En septembre 2013, le président Obama a nommé Jeanne Hulit administrateur provisoire de la Small Business Administration. Cette agence est dédiée au financement, au conseil des PME ; elle leur facilite également l’accès aux contrats du gouvernement fédéral [2]. Banquière de profession, J. Hulit a pris la direction des opérations régionales de la SBA en Nouvelle Angleterre en août 2009 puis, en février 2012, la responsabilité des programmes de financement, d’analyse du risque et de gestion opérationnelle pour la SBA.

Cette nomination suit une période d’incertitude concernant le futur de l’agence. Elle est attendue depuis février 2013, quand Karen Mills, alors administrateur de la SBA, a annoncé qu’elle ne se représenterait pas à un deuxième mandat de quatre ans. En janvier 2012, le président Obama avait annoncé la fusion de plusieurs ministères et agences : le Department of Commerce, le US Trade Representative, la banque Export Import Bank, et la SBA. Cette idée avait été reprise pendant la campagne présidentielle, avec la proposition de créer un poste ministériel de "Secrétaire au Business". Ces propositions, peut-être faites avec des arrières pensées électorales (les opposants républicains du président Obama ont cherché à de multiples reprises à diminuer le budget de l’agence, voire à la supprimer complètement), ne semblent cependant plus à l’ordre du jour, maintenant que Penny Pritzker a été nommée à la tête du Department of Commerce et que Michael Froman est devenu US Trade Representative.

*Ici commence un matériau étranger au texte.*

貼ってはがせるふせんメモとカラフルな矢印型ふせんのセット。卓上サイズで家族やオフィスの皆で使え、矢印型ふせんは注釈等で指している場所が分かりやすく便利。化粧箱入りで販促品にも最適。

Pour rappel, Karen Mills avait été nommée en pleine tempête économique. En 2009, le système financier était au bord de l’implosion, les banques ne prêtaient plus, et les entreprises souffraient. Le stimulus économique proposé par l’administration Obama, le American Recovery and Reinvestment Act de 2009 avait permis à la SBA d’augmenter à 90% - de façon temporaire - la quotité garantie des prêts bancaires, et supprimé en parallèle tous les frais de dossiers perçus par la SBA. Le résultat avait été immédiat : le nombre de contrats garantis avait immédiatement augmenté de 50%, leur valeur totale augmentant, elle, de 60%. Mais c’est surtout la loi de 2010 consacrée aux PME [3] qui a permis à la SBA de répondre à la demande des entreprises en plus que doublant le plafond des montants des prêts garantis par l’agence, pour atteindre un plafond de 5 millions de dollars. En simplifiant, pour les prêts de taille inférieure à 350.000 dollars, les formalités auxquelles les banques doivent se soumettre, la SBA a également augmenté de plus d’un millier le nombre de banques locales ou régionales participant à ses programmes. La SBA a pu ainsi apporter plus de 30 milliards de dollars à l’économie américaine en 2011.

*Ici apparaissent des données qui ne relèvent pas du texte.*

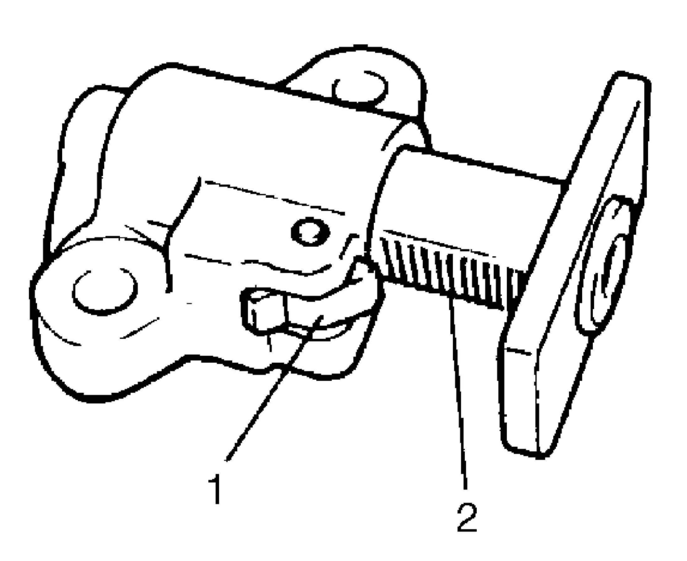 Check that latch (1) and tooth surface (2) are free from damage and latch functions properly.

A la fin de l’année fiscale écoulée, pendant le mois de septembre 2013, la SBA a approuvé près de 4200 garanties de prêts selon le programme 7(a) (le principal programme de financement de l’agence) pour un montant de 1,8 milliard de dollars. Dans la dernière semaine de septembre et donc de l’année fiscale, l’activité a augmenté de 40% en nombre de prêts, et le montant moyen des prêts garantis est passé de 427 K$ à 511 K$ [4] reflétant les efforts du personnel pour approuver les dossiers en cours avant la date fatidique du premier octobre. Les exemples de prêts approuvés littéralement à la dernière minute avant le "shutdown", tel celui d’un million de dollars accordé à Don Kelly, propriétaire de Midwest Curtainwalls à Cleveland, Ohio sont rapportés dans la presse [5]. Cette société, qui fabrique les murs extérieurs des tours et gratte-ciel, utilisera ce prêt pour couvrir ses besoins financiers entre le moment où elle doit payer ses fournisseurs et les ingénieurs et consultants, et celui où elle est payée par ses clients. Selon le même article, les taux des prêts garantis seraient de l’ordre de 5,5% à 6,5% ; nos interlocuteurs dans l’Etat de New York nous ont rapporté des taux réels inférieurs à ces tarifs d’un à deux points, selon le niveau de risque de l’entreprise.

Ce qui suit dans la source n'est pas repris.